First, the valid range of the DP array is $0 \le i \le m, 0 \le k \le n$ . In the DP array, the base cases occupy the leftmost column and the top row, while the original problem is at the bottom-right corner, as shown below.

This diagram intentionally draws the DP array as a wide, flat rectangle because typically $n$ is much larger than $m$ . Here $n$ is the target amount amount, while $m$ is the number of coin types.

The dependency relationships among subproblems look like this in the DP array:

As we can see, the dependencies point to the right and downward. So we should traverse the DP array from left to right, top to bottom.

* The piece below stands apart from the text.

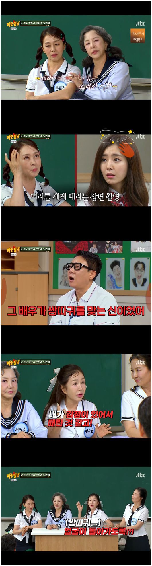 한편 문희경은 리허설에 없던 따귀를 한 대 더 맞았다가 눈물을 쏟았다고 고백했다 .문희경은 “어떤 선배랑 리허설도 한 적이 있는데, 뺨을 한 대만 맞기로 했는데 선배가 두 대를 때리더라. 분장실 와서 울었다”라고 말했고, 박준금은 "네가 눈물이 있냐"라며 놀렸다.

Finally, we can write the solution:

public int change(int amount, int[] coins) {
    int m = coins.length;
    int[][] dp = new int[m+1][amount+1];

    for (int i = 0; i <= m; i++) {
        for (int k = 0; k <= amount; k++) {
            if (k == 0) {
                dp[i][k] = 1; // base case
            } else if (i == 0) {
                dp[i][k] = 0; // base case
            } else {
                dp[i][k] = dp[i-1][k];
                if (k >= coins[i-1]) {
                    dp[i][k] += dp[i][k-coins[i-1]];
                }
            }
        }
    }
    return dp[m][amount];
}

Sharp-eyed readers may have noticed that this is actually a knapsack problem. It can be optimized using the standard space optimization technique for knapsack problems. Since the knapsack problem is quite advanced and many readers may not be familiar with it, we won’t go into detail here. In a future article, I’ll cover the knapsack problem and related solving techniques in depth.

Summary

Comparing the three coin change problems, we see that each one is different, with difficulty increasing progressively — making them an excellent series of practice problems.

Problem	Objective	Dimensions
322. Coin Change	Minimum number of coins	1D
377. Combination Sum IV	Number of ways	1D
518. Coin Change 2	Number of ways	2D

If you haven’t tried some of these problems yet, I strongly recommend working through them in this order after reading this article. It will deepen your understanding of the entire series.